Tuvieron cierto pudor al leer el diario.
Descubrieron que a partir del veinte de abril de 2012 todo cambió para Saturio,
y que el mal humor era producto de la tristeza y la soledad por la pérdida de
su esposa. En otra de las páginas del diario se enteraron que ella vivió de
niña y adolescente en la casa del sr. Paco. «Por eso quiere mi piso», pensó el
sr. Paco.
─ Ahora comprendo lo de la luz brillante del
ascensor- dijo compungido el sr. Manolo-, es el espectro de su esposa que ha
venido para estar con él.
─ Sí,- asintió el sr. Paco-, por eso le vi
la cara tan sonriente la otra noche al salir del ascensor. Es el lugar donde se
reúnen los dos.
Avergonzados salieron de la casa de Saturio,
no sin antes dejar las cosas como estaban, y jurar que lo que habían
descubierto no lo dirían ni a sus familias.
Al cabo de una semana volvieron a hablar.
─ Sr. Paco, yo no quiero vivir en una finca
donde se ha instalado un fantasma para vivir en el ascensor.
─ Tiene toda la razón, yo no puedo ni dormir
por las noches.
─ ¿Por qué no le vende su piso? Ahora ya
sabe el motivo por el cual lo desea con tanto ahínco.
─ Ya lo había pensado, no se crea. Me iré al
pueblo, allí tengo una casa, y quiero vivir con tranquilidad con mi mujer.
Además, aquí no tengo ningún hijo, todos viven fuera de Madrid. ¿Y usted qué
piensa hacer?
─ Yo ya tengo apalabrado un piso en otra
zona. Me mudo la semana que viene. Estoy seguro de que cuando el resto de
vecinos se den cuenta de los fenómenos paranormales que ocurren aquí, también
se marcharan- dijo con cierto temblor el sr. Manolo.

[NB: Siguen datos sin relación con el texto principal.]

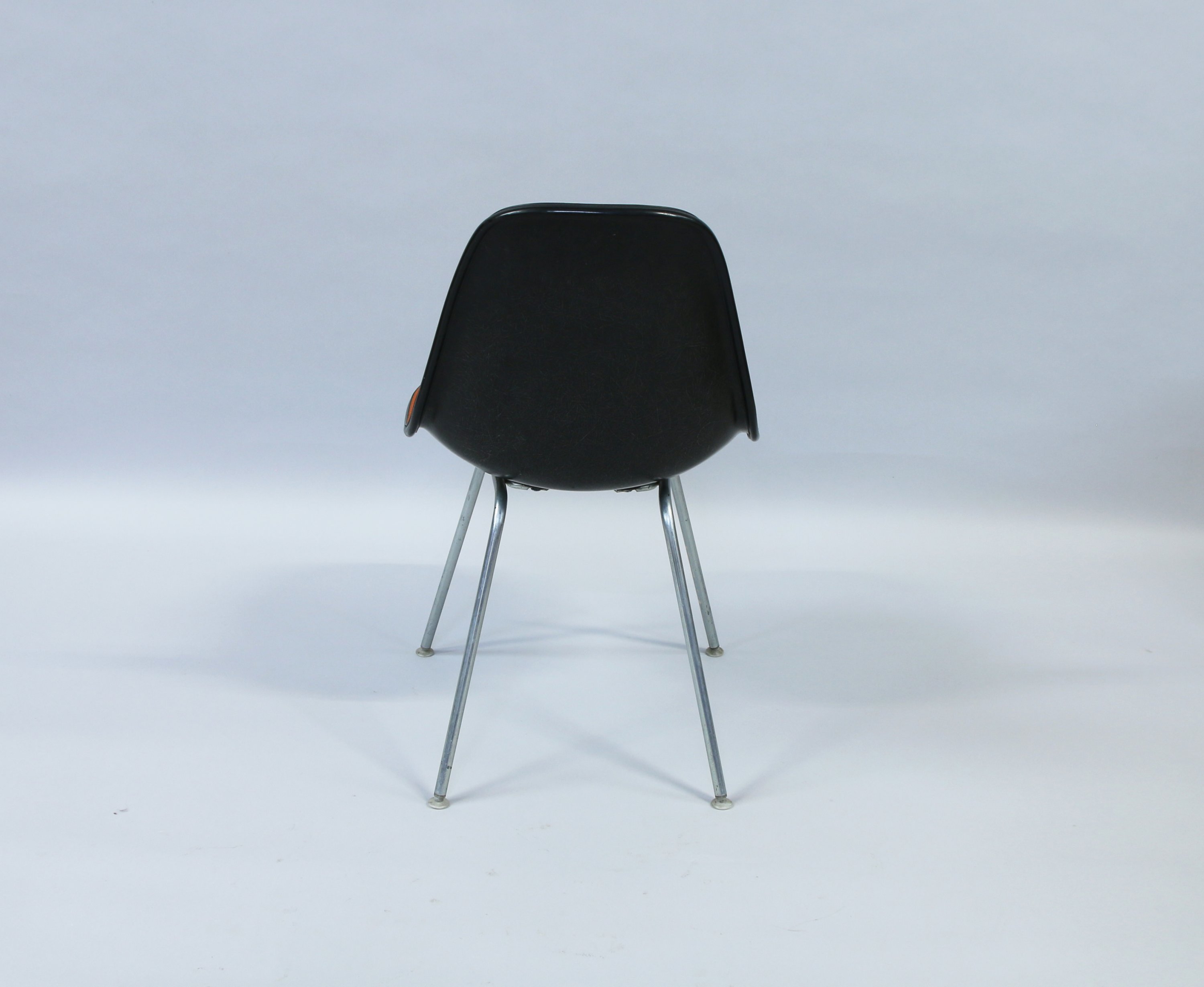 La coque en fibre de verre habillée de mousse et recouverte d'un tissu orangé. Le piétement tubulaire en métal.
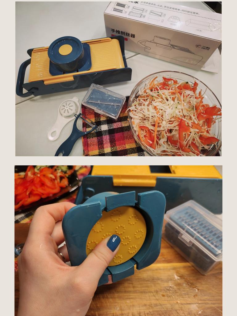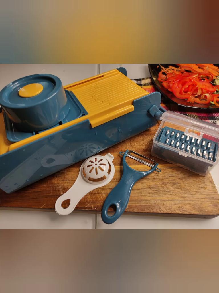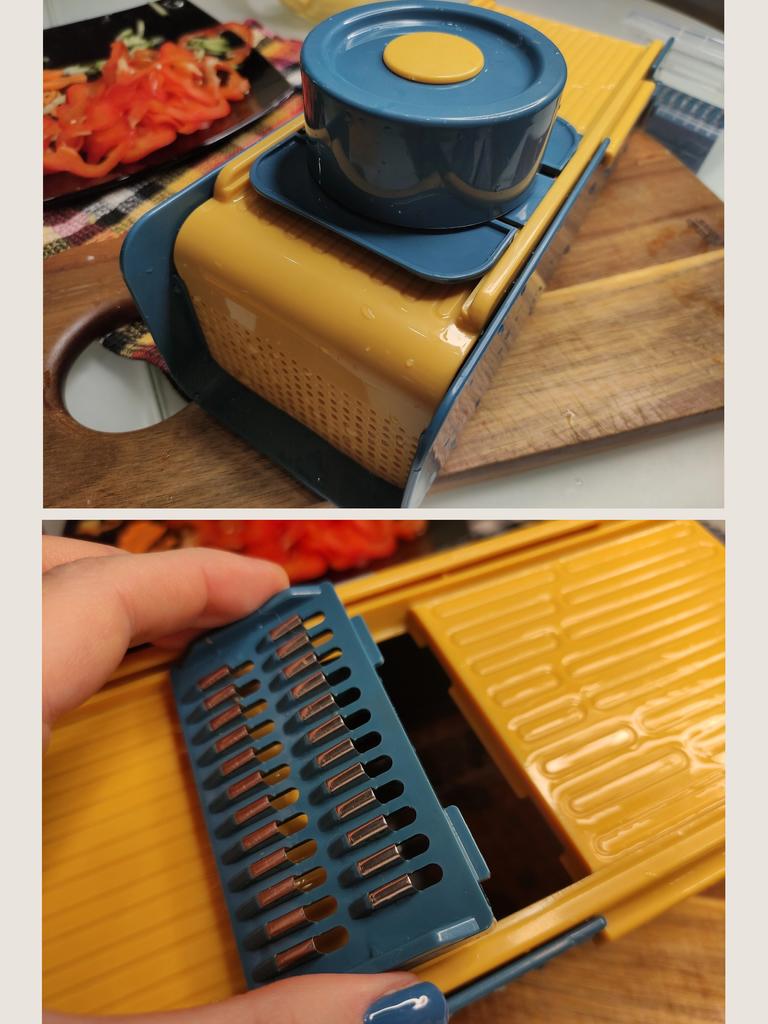 Как же я давно мечтала о такой терке🤗, и что бы хорошая и острая, и пальчики чтобы были в безопасности. Покупка удалась на все 200%, когда испробовала её, так радовалась, аж пищала💃 от восторга. Всем моим пожеланиям терка угодила, я салат овощной режу час, а картошку для по-французски 2, ненавижу эти два блюда только из-за того, что резать долго, так ещё ж тонко надо, а теперь за 5 минут всё, что угодно, ура 🙌! Обязательно посмотрите все видео, я старалась полностью передать её функционал, и не забудьте 💕. 📍 Мульти терка включает в себя: терка с прозрачным контейнером внутри, фиксирующая насадка с проталкивающей вставкой (безопасная), 5 разных режущих насадки + прозрачный контейнер для их хранения, нож двухсторонний для чистки овощей, и мульти ложечка. ✔️ Овощерезка с прозрачным контейнером: качество шикарное👌, пластик пищевой, не токсичный, качественный, плотный, толстый, без дефектов без запаха. Предусмотрено всё, легко собирается и разбирается, имеются отверстия для слива воды. Есть подставки и 2 вида ручек. Одна ручка регулируется, за неё можно держать терку в процессе или подвесить для хранения. Вторая скрытая снизу. ✔️ Лезвия 1 для сока/пюре и 4 штуки для шинковки так-же, качественные, металл👍 нержавеющий, не тонкий, ооочень острые , надо отдать должное, шинковать одно удовольствие. Виды шинковки описывать не буду, посмотрите 4 фото. Огромный плюс, что для хранения лезвий есть отдельный закрывающийся контейнер. Лезвия сидят крепко, не выпадают. ❗Не советую лезвия мыть в горячей воде, так они быстрее затупляются. ✔️ Очень удобная защитная насадка, легко скользит, чтобы её вставить просто слегка сожмите по бокам. Насадка действительно удобная и имеет проталкивающий механизм. Состоит из двух частей, вначале можно использовать без крышки для таких овощей как огурец или морковь. ✔️ Овощечистка маленькая, да удаленькая, легко чистит в обе стороны. В руке лежит удобно 👍. ✔️ Ложечка - дуршлаг, она помогает снять лезвия с основы без усилий, идеально подходит для яиц, да и всегда пригодиться на кухне. 📍Хочу отдельно заметить, что мыть терку одно удовольствие, не надо прикладывать усилия, я ни разу не воспользовалась губкой 🙌. Кстати можно мыть в посудомойке. 📍 Также я обратила внимание, что терка достаточно устойчивая и крепкая, ни чего не ездит и не вываливается, не разваливается, был у меня предыдущий неудачный опыт. 📍 Удобное хранение, так как всё что в комплекте, помещается внутри терки. Резюмирую❤, я в восторге! Однозначно рекомендую💯, трека супер классная, быстро справляется со всеми овощами, простая в использовании👌, легко моется. Пользуюсь в итоге, практически каждый день, чаще 😆чем планировала. Теперь не стоит вопрос времени, так как она мне его очень экономит. Я ни разу не пожалела о покупке, ещё и маникюр целый🤣💯👍. Обнимаю 🤗 #Ксю !
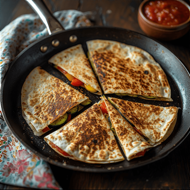 How to Make: Grill zucchini and peppers, layer with cheese in tortillas. Cook 3 minutes per side.
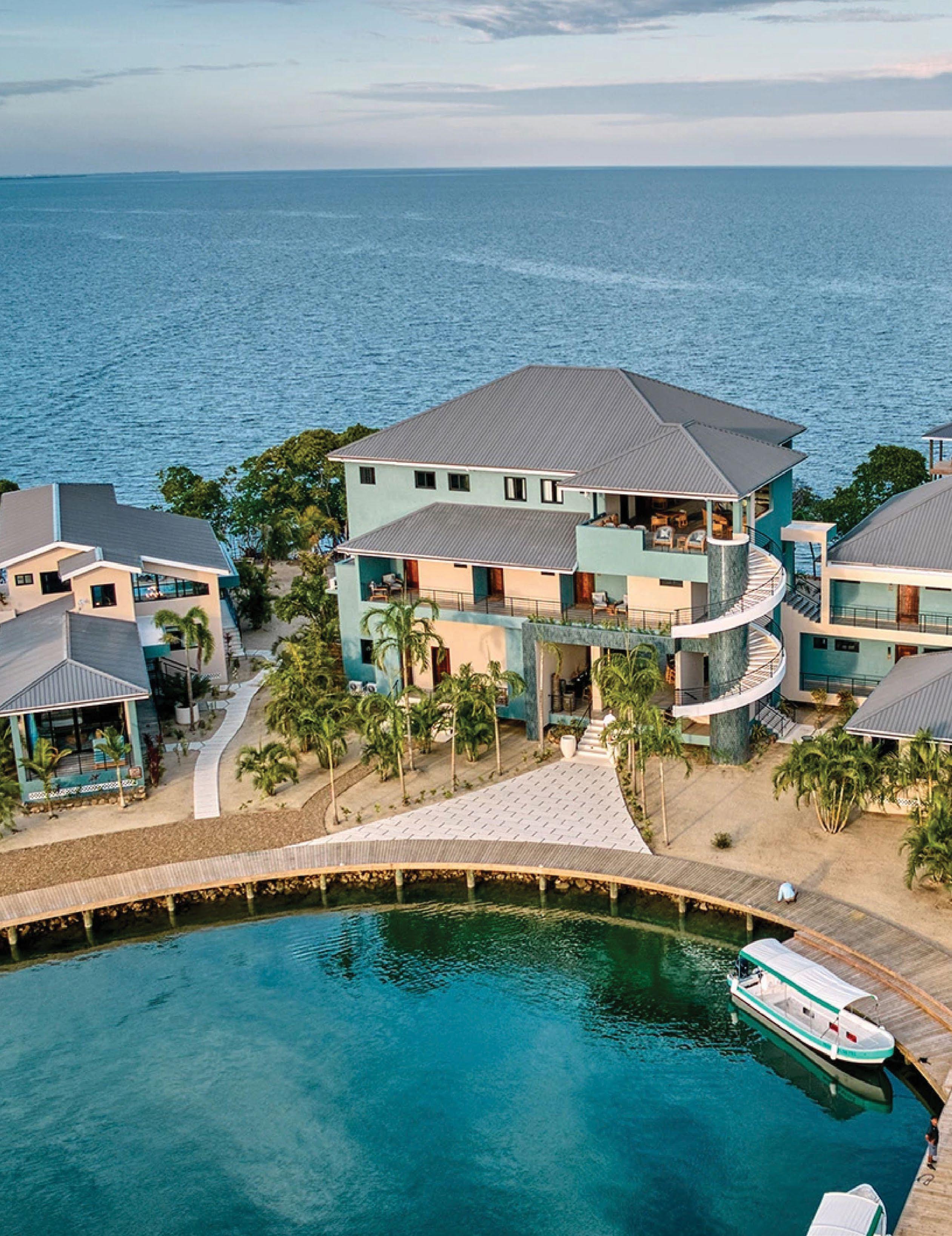 The resort is located on a small island, Placencia Caye, and consists of a main inn with ten 800-square foot suites and six two-story, three- and fourbedroom villas ranging from 3,000 to 5,000 square feet. In addition to the restaurant and bar, the main inn houses a fitness room, a full-service spa (one of the largest in Belize), and a pool. The resort also offers free kayaks, paddleboards, and water bikes for guests to use and even provides equipment for fishing off the inn’s dock, which juts into the Caribbean.
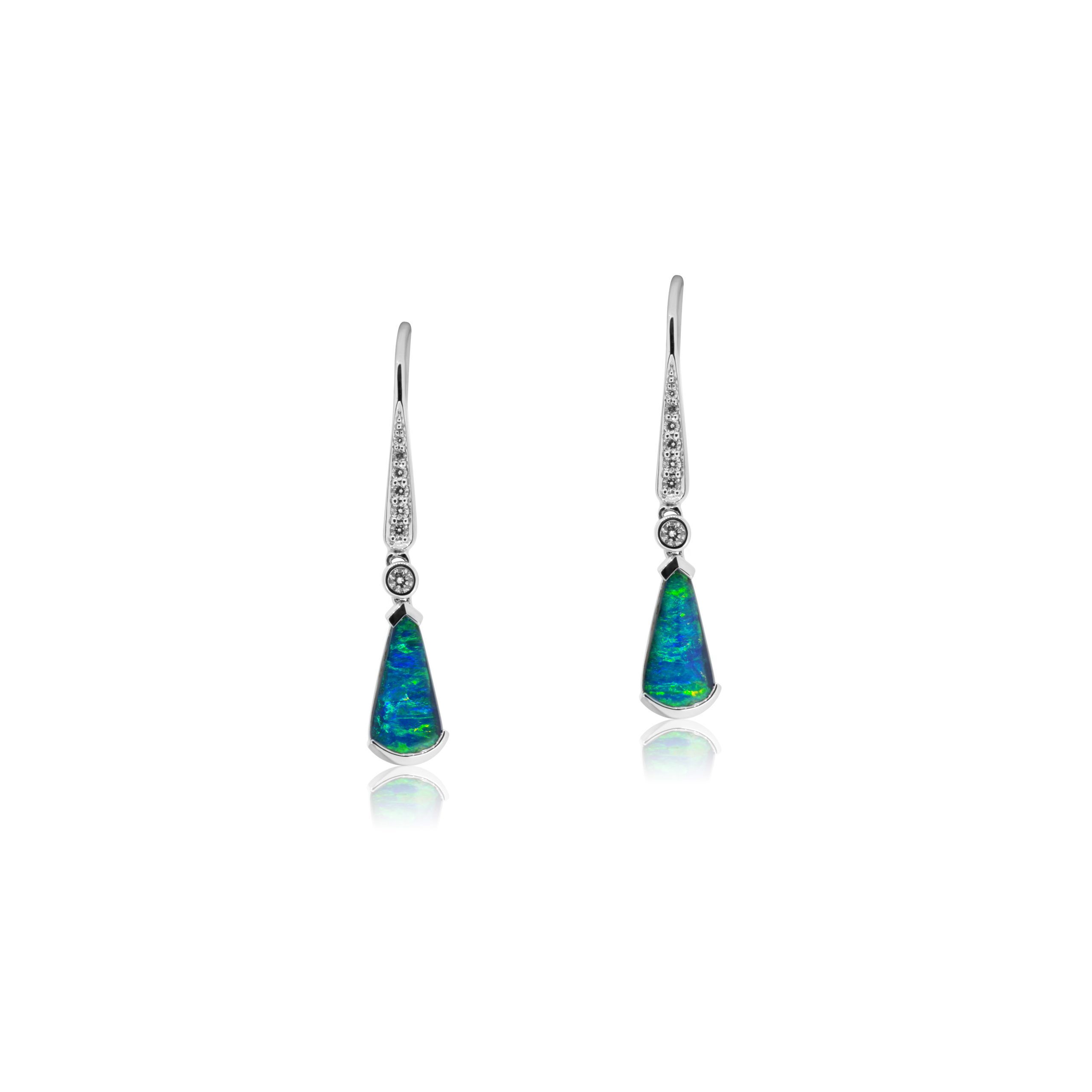 Boulder Opal Earrings set in 18k White Gold with Diamonds exhibiting Ocean Blues and Greens

Después de un año, Saturio, dueño de los dos
pisos, pudo ampliar y reformar su vivienda.
Una mañana, Saturio llamó a la señora que
hacía la limpieza semanal de la escalera y el patio de la finca. Muy amable le
pidió perdón por el tiempo que había tardado en devolverle una bolsa de cuero marrón
que le había prestado. Le dio las gracias efusivamente. Dentro contenía un foco
muy potente de luz alógena, una grabadora y un CD de efectos especiales.
─¿ Le ha sido de utilidad, sr. Saturio?
─ Con
una gran sonrisa, contestó:¡ No sabe cuánto, sra. Concha, no sabe cuánto!